Complete configuration and documentation for running Open Code CLI with local Ollama models.

## Table of Contents

- [Quick Start](#quick-start)
- [Prerequisites](#prerequisites)
- [Setup](#setup)
- [What's Included](#whats-included)
- [⚠️ Important: Tool Usage Discovery](#️-important-tool-usage-discovery)
- [Available Models](#available-models)
- [Common Commands](#common-commands)
- [Ollama Management](#ollama-management)
- [Creating Custom Models](#creating-custom-models)
- [Open Code Usage](#open-code-usage)
- [Performance Tips](#performance-tips)
- [When to Use Local vs Cloud Models](#when-to-use-local-vs-cloud-models)
- [Documentation](#documentation)
- [Examples](#examples)
- [Troubleshooting](#troubleshooting)
- [Resources](#resources)
- [Contributing](#contributing)
- [License](#license)

---

## Quick Start

### Prerequisites

1. **Install Ollama**: [ollama.ai](https://ollama.ai)
2. **Install Open Code CLI**: [opencode.ai](https://opencode.ai)

### Setup

1. **Clone this repository:**
```bash
git clone https://github.com/YOUR-USERNAME/ollama-opencode-setup.git ~/code/ollama-opencode-setup
```

2. **Start Ollama:**
```bash
ollama serve
```

3. **Pull your first model (and build the recommended 16k variant):**
```bash
ollama pull ministral-3:8b # fast, reliable tool calling

# Open Code can't set Ollama's num_ctx, so bake a 16k context variant:
ollama create ministral-3:8b-16k -f modelfiles/ministral-3-8b-16k.Modelfile
```

4. **Use the configuration in your project:**
```bash
# Option 1: Symlink into your project
ln -s ~/code/ollama-opencode-setup/opencode.json ~/code/your-project/opencode.json

# Option 2: Copy into your project
cp ~/code/ollama-opencode-setup/opencode.json ~/code/your-project/opencode.json
```

5. **Run Open Code:**
```bash
cd ~/code/your-project
opencode
```

## What's Included

- **[opencode.json](opencode.json)** - Open Code configuration for Ollama models
- **[docs/LOCALLLMS.md](docs/LOCALLLMS.md)** - Complete documentation on local LLM setup
- **[docs/AGENTS.md](docs/AGENTS.md)** - Guide to using Open Code CLI agent modes
- **[examples/](examples/)** - Example workflows and prompts
- **[test-opencode.md](test-opencode.md)** - Test suite for validating Open Code CLI setup

## ⚠️ Important: Tool Usage Discovery

**Tool calling requires a model trained for it — and that capability is not tied to size or recency.**

All models in this config have been tested.
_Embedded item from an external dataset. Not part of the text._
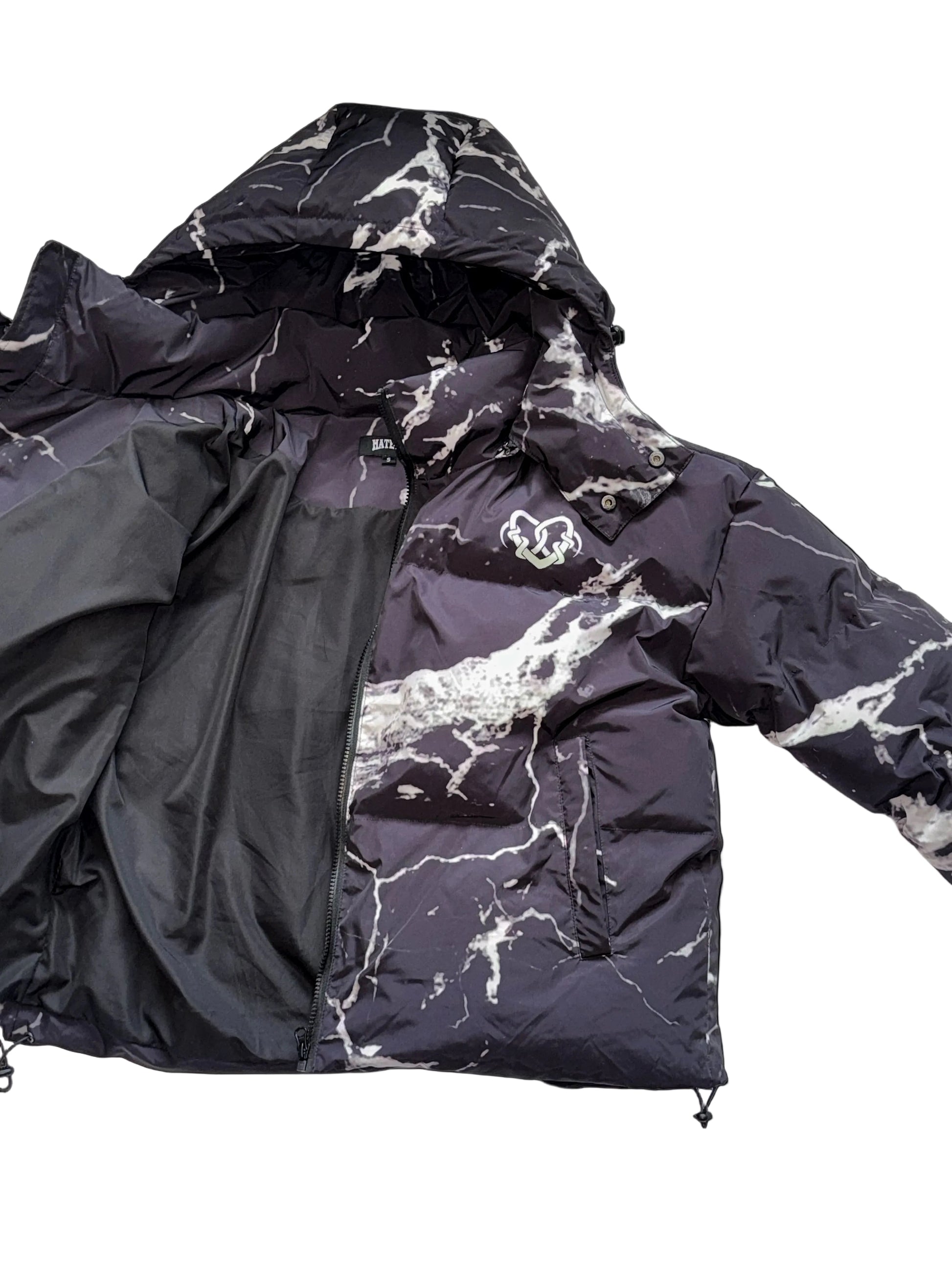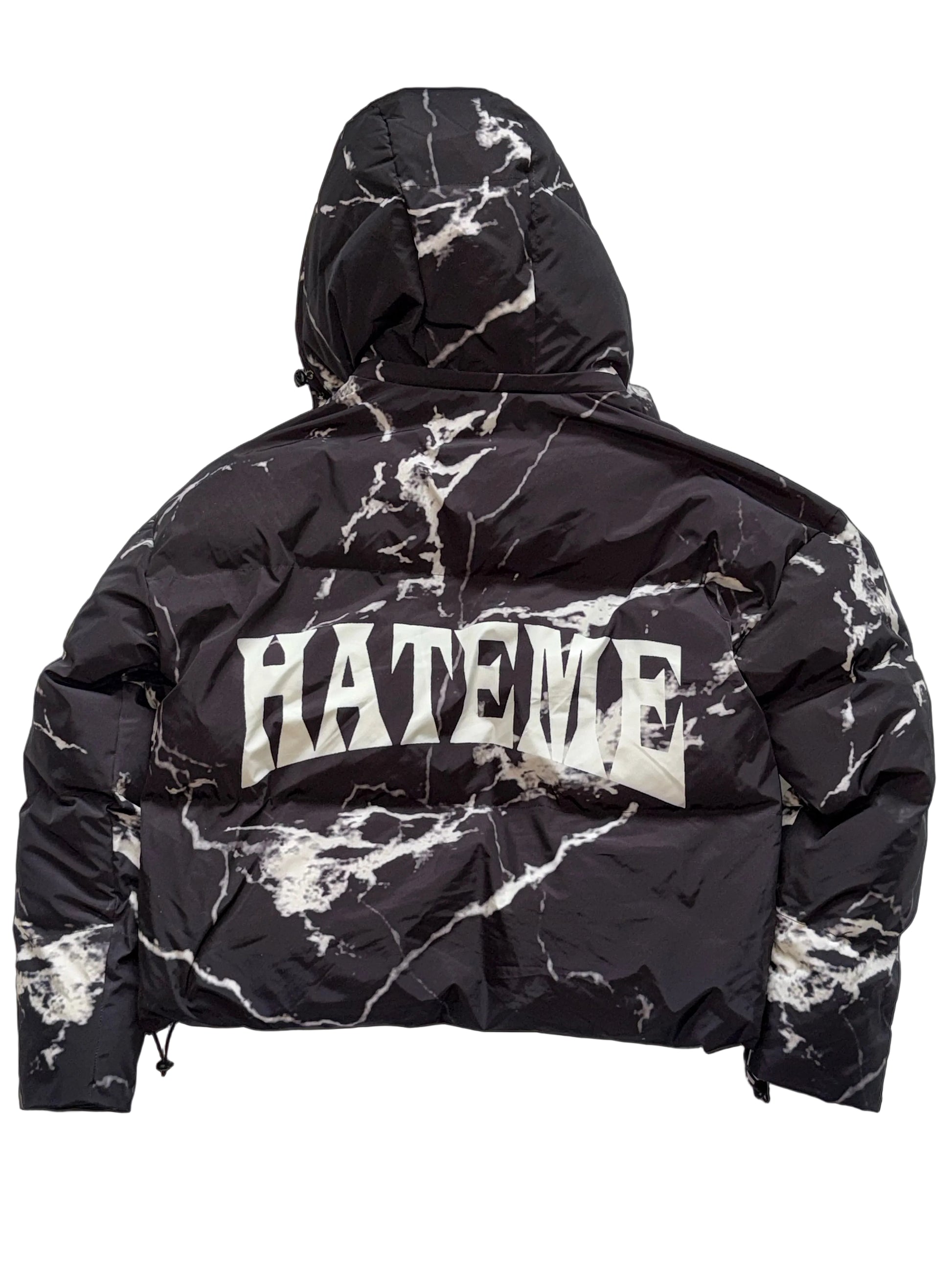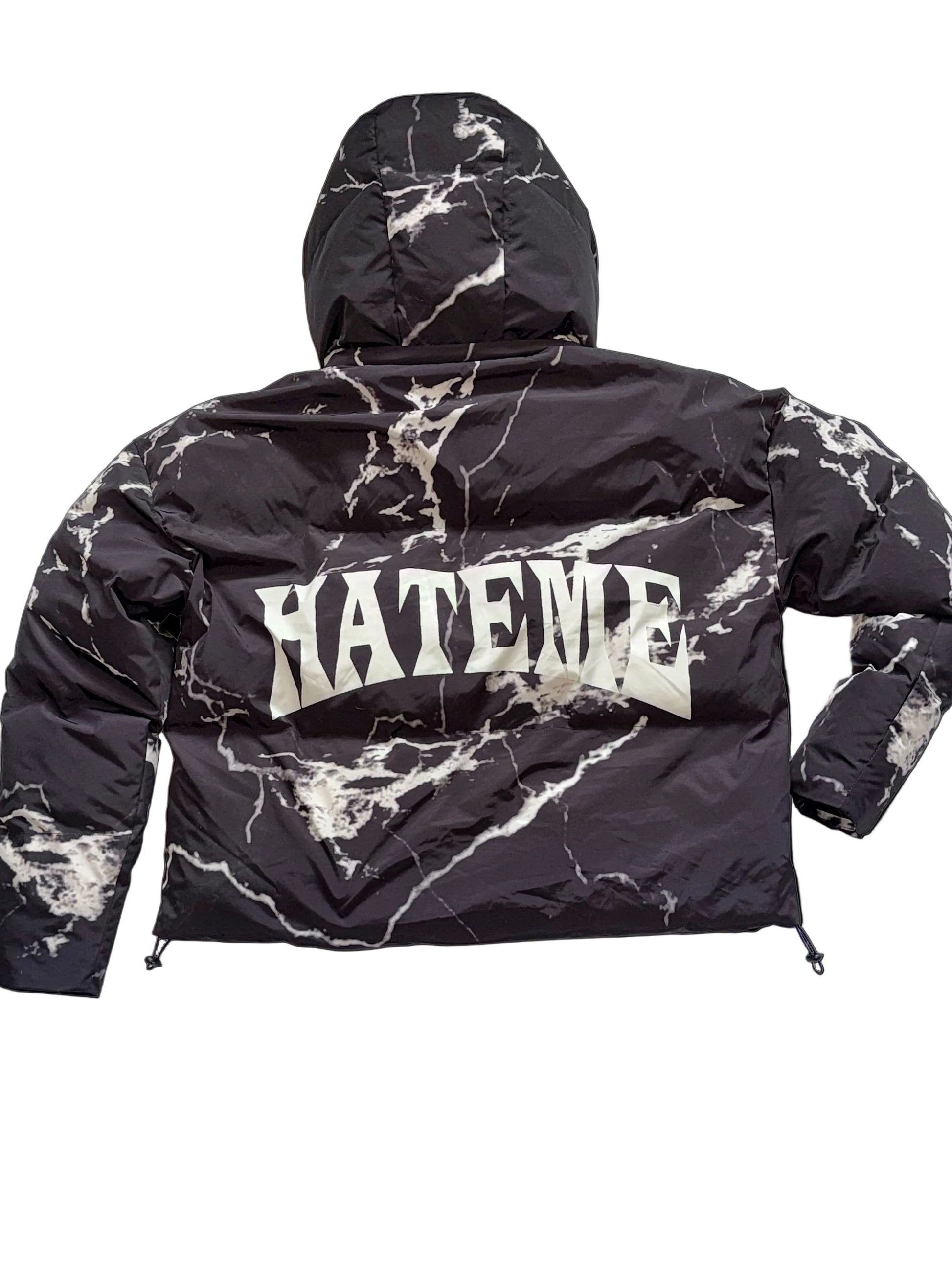 The Hate Me Puffer is a black, lightweight outerwear option designed to provide warmth in cold conditions without added bulk. Its optimal length and fit ensure ease of movement and a flattering silhouette, making it suitable for various activities while maintaining comfort and style.

Results (M1 16GB, 2026-05-31):
- ✅ **Ministral 3 8B** — full tool usage, **fastest tool-caller (~4s warm)**, no think-mode tax — **recommended daily driver**
- ✅ **Qwen3 models** (qwen3:8b-16k, qwen3:8b, qwen3:4b) — full tool usage confirmed, but verbose think mode (~26s)
- ❌ **DeepSeek-Coder-V2-Lite 16B** — Ollama reports `does not support tools`; fits RAM and is fast, but it's a code-completion/FIM model with no tool calling
- ❌ **Qwen3.5 9B / 4B** — outputs bash commands instead of invoking write tool
- ❌ **Phi-4** — Open Code CLI explicitly reports "does not support tools"
- ❌ **Gemma 4 E4B** — attempts tool call but sends malformed/incompatible call format
- ❌ **Mistral Nemo & Granite** — analysis only, cannot create files

Tool-call support is verified with [`scripts/tool-call-test.sh`](scripts/tool-call-test.sh). See [docs/LOCALLLMS.md](docs/LOCALLLMS.md) for full test details.

## Available Models

| Model | Size | Context | Tool Usage | Best For |
|-------|------|---------|------------|----------|
| `ministral-3:8b-16k` ⭐ | 6.0 GB | 16k | ✅ YES | **Recommended for Open Code** — 16k variant (num_ctx baked in) |
| `ministral-3:8b` | 6.0 GB | ~4k default | ✅ YES | Base model — fast tool use (~4s); runs at Ollama's small default context in Open Code |
| `qwen3:8b-16k` | 5.2 GB | 16k | ✅ YES | Multi-file analysis (larger context) |
| `qwen3:8b` | 5.2 GB | 8k | ✅ YES | General file operations (~26s) |
| `qwen3:4b` | 2.5 GB | 8k | ✅ YES | Quick file edits |
| `deepseek-coder-v2:16b` | 8.9 GB | 128k | ❌ NO | No tool support (`does not support tools`) — FIM/completion only |
| `qwen3.5:9b` | 6.6 GB | 32k | ❌ NO | Read-only analysis (too slow, 13+ min) |
| `qwen3.5:4b` | ~2.5 GB | 32k | ❌ NO | Read-only analysis only |
| `phi4:latest` | ~5 GB | 16k | ❌ NO | Read-only analysis only |
| `gemma4:e4b` | ~5.5 GB | 32k | ❌ NO | Read-only analysis only |
| `mistral-nemo:12b-instruct-2407-q4_K_M` | 7.5 GB | 8k | ❌ NO | Code review (read-only) |
| `granite3.1-moe` | 2.0 GB | 8k | ❌ NO | Fast analysis (read-only) |

## Common Commands

### Ollama Management
```bash
# List installed models
ollama list

# Run a model interactively
ollama run qwen3:8b

# Pull a new model
ollama pull mistral-nemo:12b-instruct-2407-q4_K_M

# Remove a model
ollama rm qwen3:4b
```

### Creating Custom Models

Open Code talks to Ollama via the OpenAI-compatible endpoint, which does **not** pass Ollama's `num_ctx`. To get a usable context window, bake it into a custom variant.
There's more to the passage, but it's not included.